(Records from a dataset)

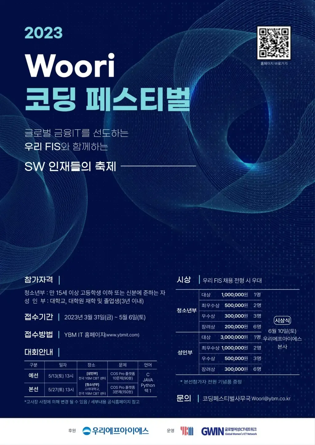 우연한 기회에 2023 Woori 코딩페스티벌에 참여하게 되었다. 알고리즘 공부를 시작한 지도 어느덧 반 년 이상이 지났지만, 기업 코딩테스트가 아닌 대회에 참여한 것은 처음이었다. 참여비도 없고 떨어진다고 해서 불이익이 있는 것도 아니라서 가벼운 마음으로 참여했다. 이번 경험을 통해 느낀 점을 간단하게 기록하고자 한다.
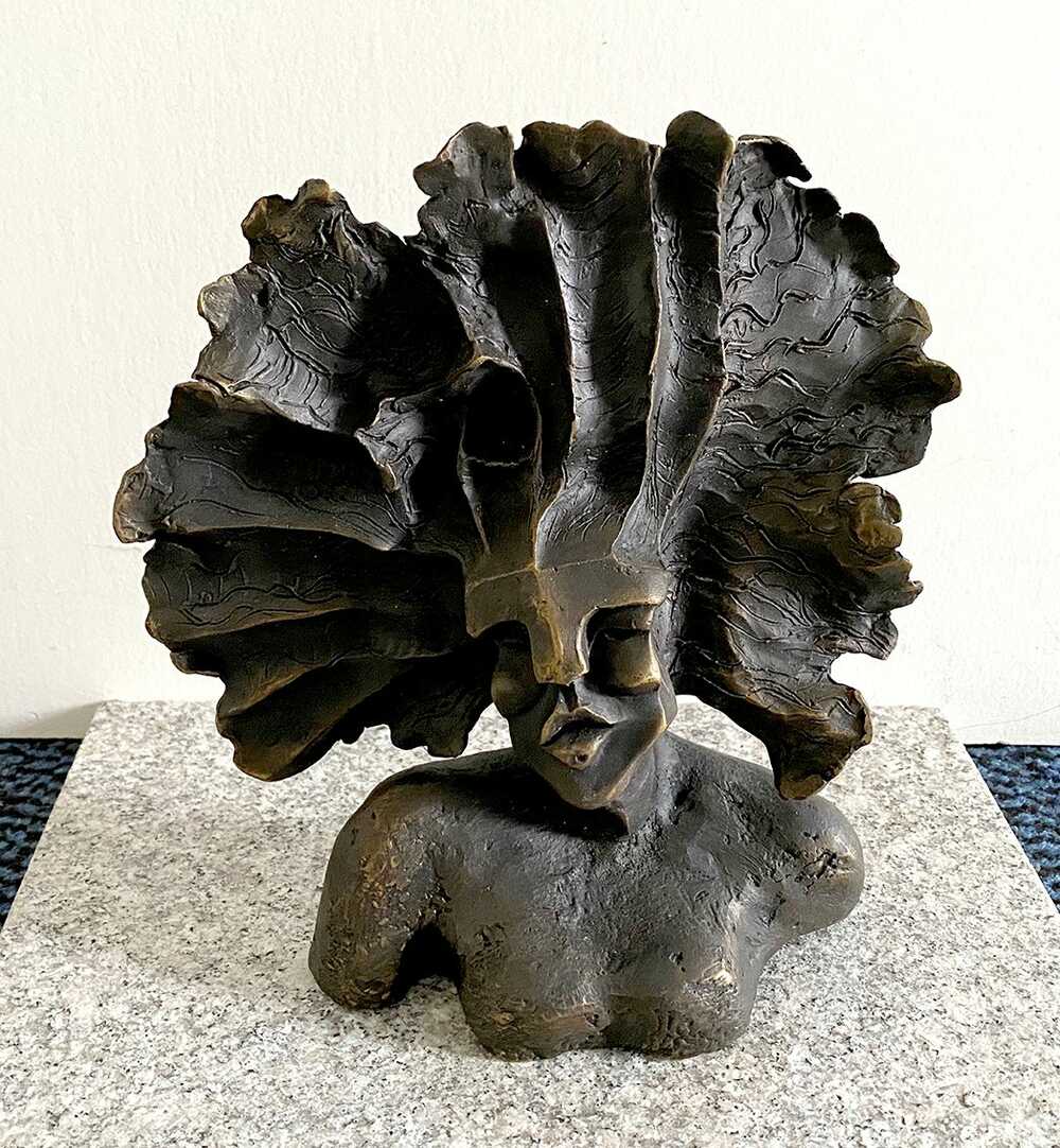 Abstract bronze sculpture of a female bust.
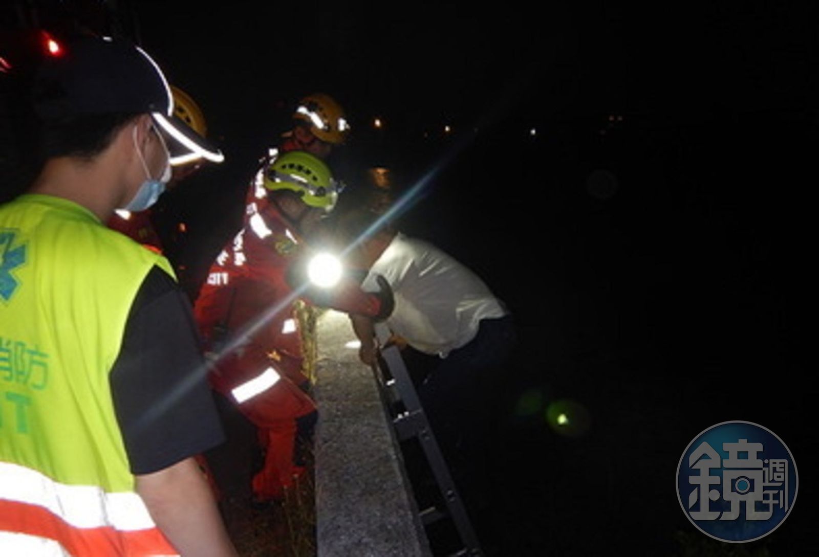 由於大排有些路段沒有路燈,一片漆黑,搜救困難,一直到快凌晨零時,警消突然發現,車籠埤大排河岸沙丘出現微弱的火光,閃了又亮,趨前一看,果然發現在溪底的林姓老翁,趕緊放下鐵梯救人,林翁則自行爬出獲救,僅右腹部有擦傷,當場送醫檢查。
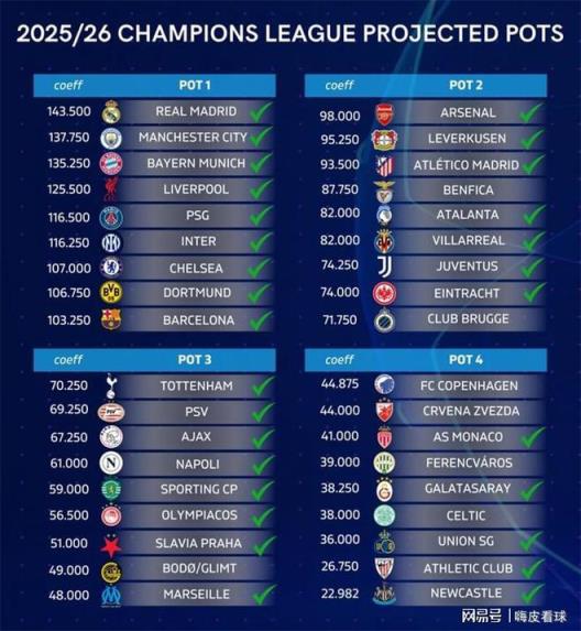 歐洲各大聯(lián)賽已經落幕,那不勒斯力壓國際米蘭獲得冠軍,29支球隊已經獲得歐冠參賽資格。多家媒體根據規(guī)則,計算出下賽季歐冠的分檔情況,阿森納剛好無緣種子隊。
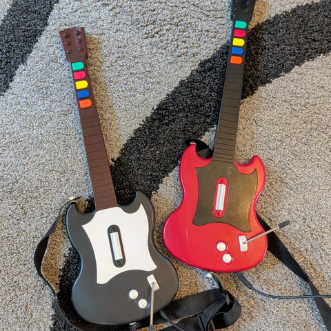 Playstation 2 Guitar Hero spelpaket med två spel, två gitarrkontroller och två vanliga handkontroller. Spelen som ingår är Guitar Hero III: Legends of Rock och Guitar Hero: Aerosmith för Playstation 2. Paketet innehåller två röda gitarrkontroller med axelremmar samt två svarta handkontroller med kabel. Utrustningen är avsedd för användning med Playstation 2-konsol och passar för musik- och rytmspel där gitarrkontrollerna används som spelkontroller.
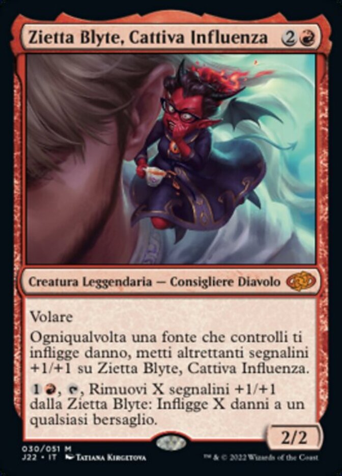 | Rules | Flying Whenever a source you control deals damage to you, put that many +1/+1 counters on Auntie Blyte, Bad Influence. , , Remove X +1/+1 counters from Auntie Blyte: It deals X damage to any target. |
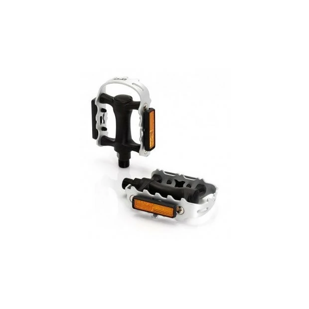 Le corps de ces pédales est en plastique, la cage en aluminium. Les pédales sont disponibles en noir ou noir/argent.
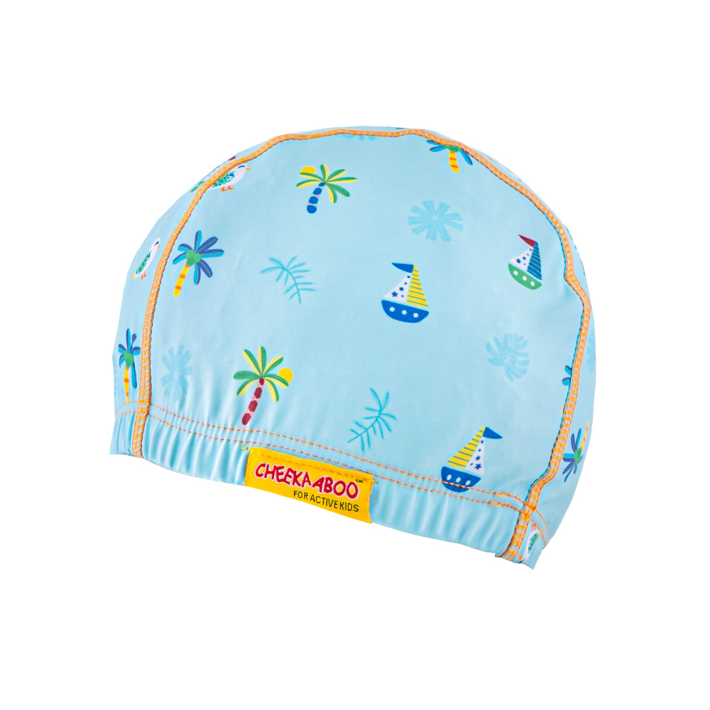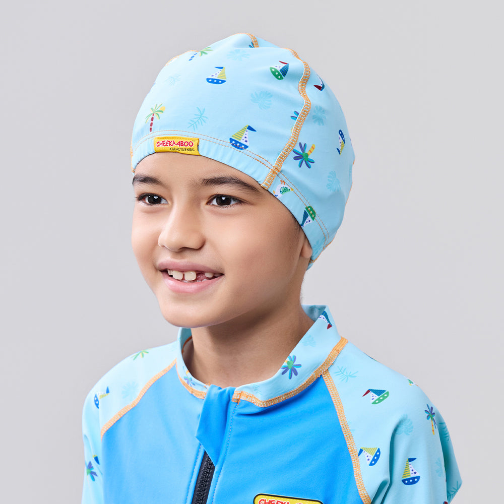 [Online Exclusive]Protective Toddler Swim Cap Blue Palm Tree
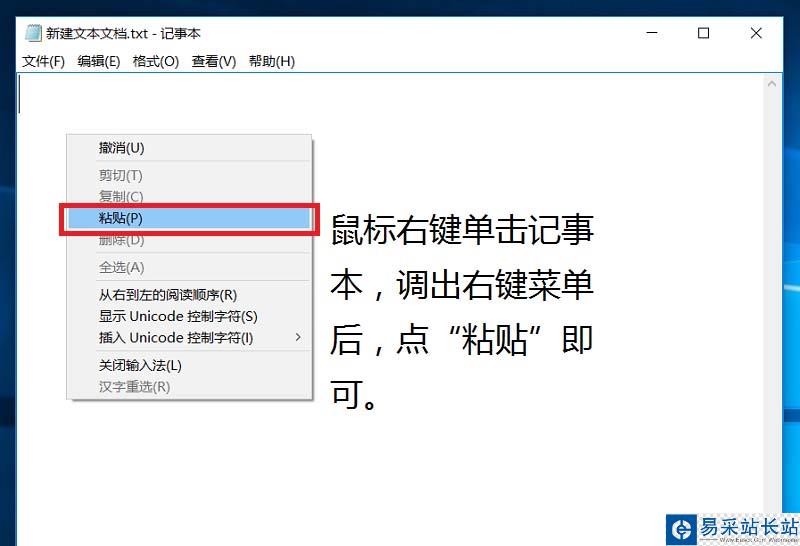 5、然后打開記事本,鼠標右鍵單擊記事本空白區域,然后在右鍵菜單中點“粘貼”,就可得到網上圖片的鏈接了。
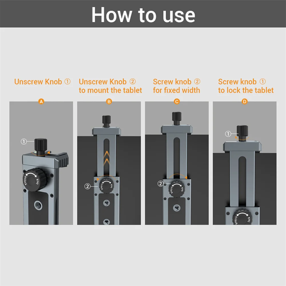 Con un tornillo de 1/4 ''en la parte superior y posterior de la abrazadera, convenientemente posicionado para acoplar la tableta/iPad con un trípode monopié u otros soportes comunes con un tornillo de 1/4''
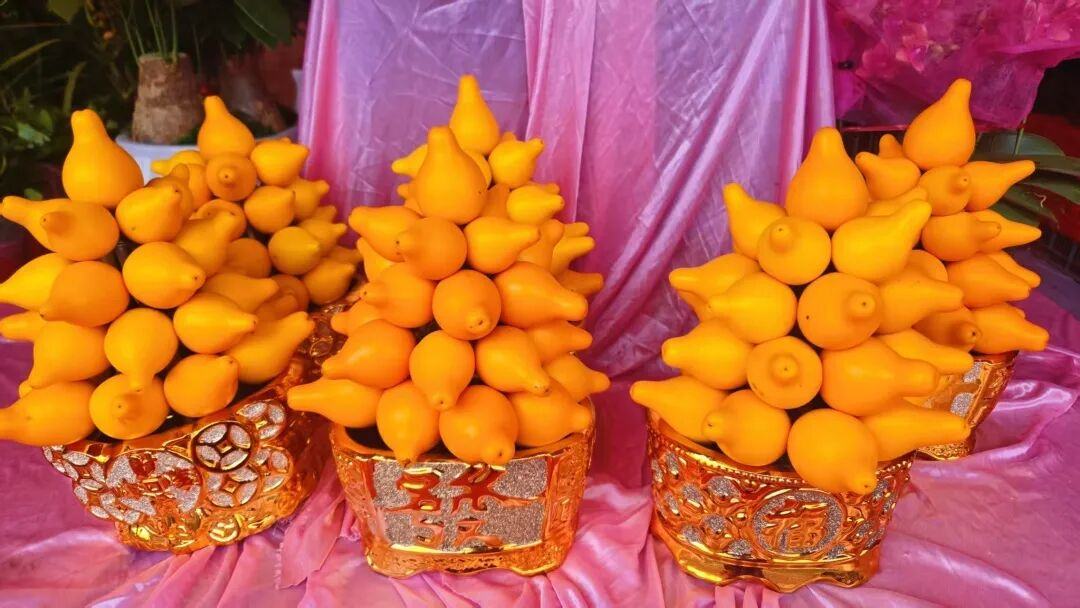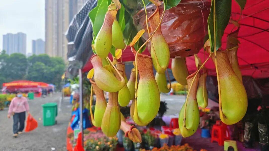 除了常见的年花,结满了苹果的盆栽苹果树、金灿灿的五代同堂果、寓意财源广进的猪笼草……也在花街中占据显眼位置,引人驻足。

_WORK TO BE COMPLETED_. The line containing "[Online Exclusive]Protective Toddler" and every line after it, up to the last line of the data, should be returned exactly, without the pictures.

_RESULT FOR THIS EXERCISE_.
 [Online Exclusive]Protective Toddler Swim Cap Blue Palm Tree
 5、然后打開記事本,鼠標右鍵單擊記事本空白區域,然后在右鍵菜單中點“粘貼”,就可得到網上圖片的鏈接了。
 Con un tornillo de 1/4 ''en la parte superior y posterior de la abrazadera, convenientemente posicionado para acoplar la tableta/iPad con un trípode monopié u otros soportes comunes con un tornillo de 1/4''
 除了常见的年花,结满了苹果的盆栽苹果树、金灿灿的五代同堂果、寓意财源广进的猪笼草……也在花街中占据显眼位置,引人驻足。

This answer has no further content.